# Copying a QR decomposition matrix Q is extremely slow

This is on julia 1.5.3

``````julia> f = qr(ones(100, 20), Val(true));

julia> copy(f.Q); @time copy(f.Q);
0.057310 seconds (40.00 k allocations: 338.516 MiB, 10.85% gc time)

julia> copy(Array(f.Q)); @time copy(Array(f.Q));
0.000074 seconds (7 allocations: 84.969 KiB)

julia> typeof(copy(f.Q)) == typeof(copy(Array(f.Q)))
true
``````

The `copy` appears to be called in `svdvals` which slows to a crawl for large matrices. Is this a known issue?

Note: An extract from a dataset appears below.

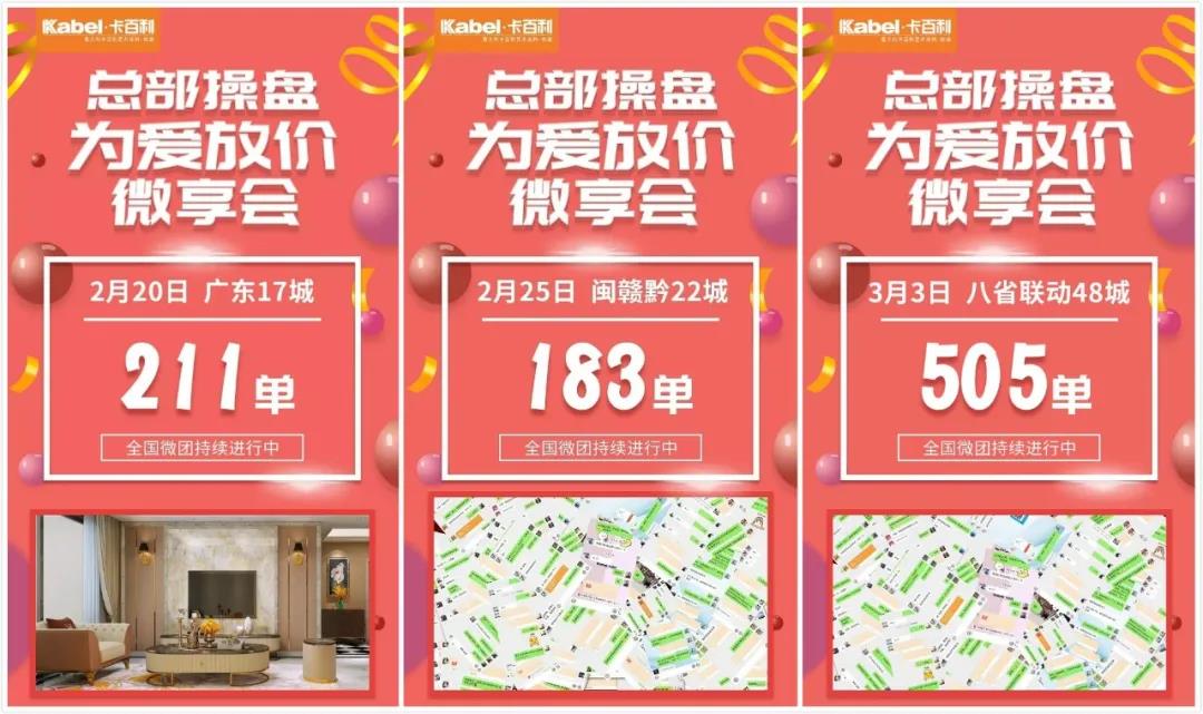 根据卡百利公开数据显示,2月20日,卡百利微信爆破广东区域,成交211单;2月25日,闽赣黔三省联动活动,成交183单;3月3日,川渝云贵湘苏鲁蒙八省联动,成交505单,其中单店最高41单。目前全国微信爆破活动还在持续进行中,将会有更多省份联合行动。

It appears that `copy(f.Q)` relies on a default method for `AbstractArray`s, which might explain the difference in performance. Is this something that may be improved?

Upon further introspection it appears that indexing into `Q` is slow.

``````function getindex(Q::AbstractQ, i::Integer, j::Integer)
x = zeros(eltype(Q), size(Q, 1))
x[i] = 1
y = zeros(eltype(Q), size(Q, 2))
y[j] = 1
return dot(x, lmul!(Q, y))
end
``````

results in

``````julia> @btime \$f.Q[1, 1];
22.795 μs (6 allocations: 48.84 KiB)
``````

As a consequence

``````julia> @time f.Q[:,:];
30.861779 seconds (4.00 M allocations: 46.529 GiB, 2.50% gc time)
``````

I’m definitely not an expert here, but is that because the`q` isn’t present as a dense matrix until you copy it. It’s stored in packed form as a product of Householder reflectors. Do you actually a dense copy? You can multiply by it while still in packed form.

2 Likes

@malacroi is correct. Extracting Q from the data structure you get from qr or qr! is expensive. IIRC, it’s O(N^3) work. If you just want to multiply D by Q’, for example, then `f.Q'*B` is what you want.

For example

``````julia> A=rand(1000,1000); AC=copy(A); AF=qr!(A);

julia> C=AF.Q*AF.R; norm(C-AC)
4.49007e-13

julia> D=AF.Q'*AC; RC=copy(AF.R); norm(D-RC)
1.27313e-13
``````

The copy of AF.R is cheap because you don’t have to compute anything new. Not so if you do AF.Q.

1 Like

The fast way to extract the `Q` factor as a dense matrix is just what you already do in your first example, namely `Array(f.Q)`. Indeed, `copy` will probably fall back on a general method that uses indexing, which is slow for the way `f.Q` is stored/represented.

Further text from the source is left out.